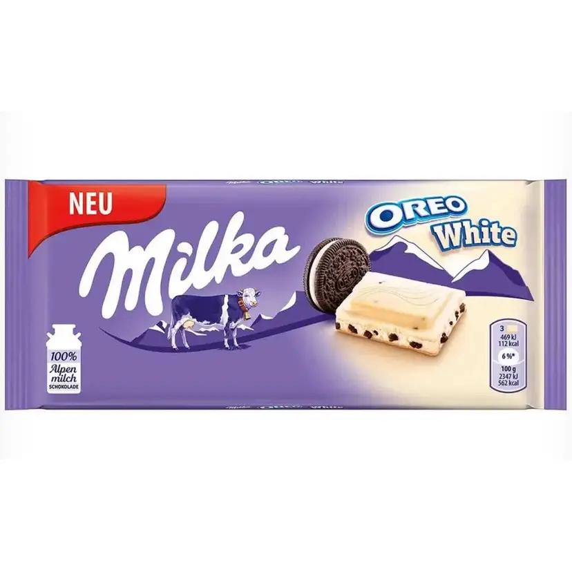 Milka Oreo White Smooth white milka chocolate and a creamy, crunchy Oreo chocolate cookie center. 3 oz. Product of Germany 🇩🇪 Exp: 5/15/25
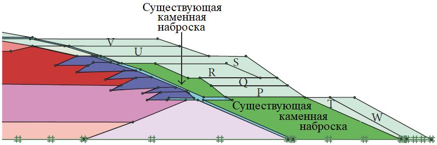 Рис. 7. Размещение насыпных берм из каменного материала P, Q, R, S, T, U, V и W
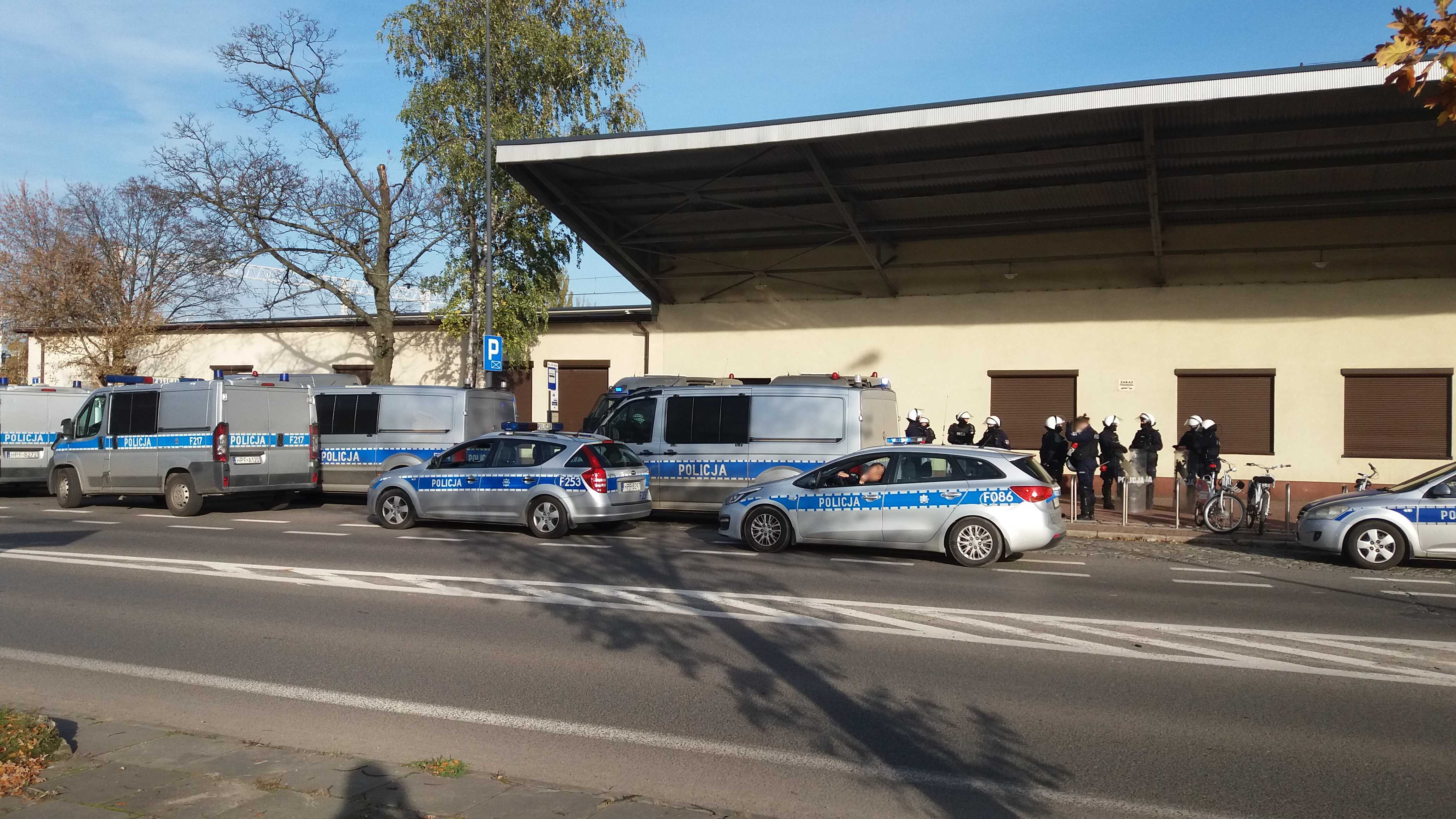 |  | | Zastępy Policji czekające na przyjazd kibiców Piasta | |

Task to complete
Would you print the whole listing exactly, omitting the pictures?

Response below
 Milka Oreo White Smooth white milka chocolate and a creamy, crunchy Oreo chocolate cookie center. 3 oz. Product of Germany 🇩🇪 Exp: 5/15/25
 Рис. 7. Размещение насыпных берм из каменного материала P, Q, R, S, T, U, V и W
 |  | | Zastępy Policji czekające na przyjazd kibiców Piasta | |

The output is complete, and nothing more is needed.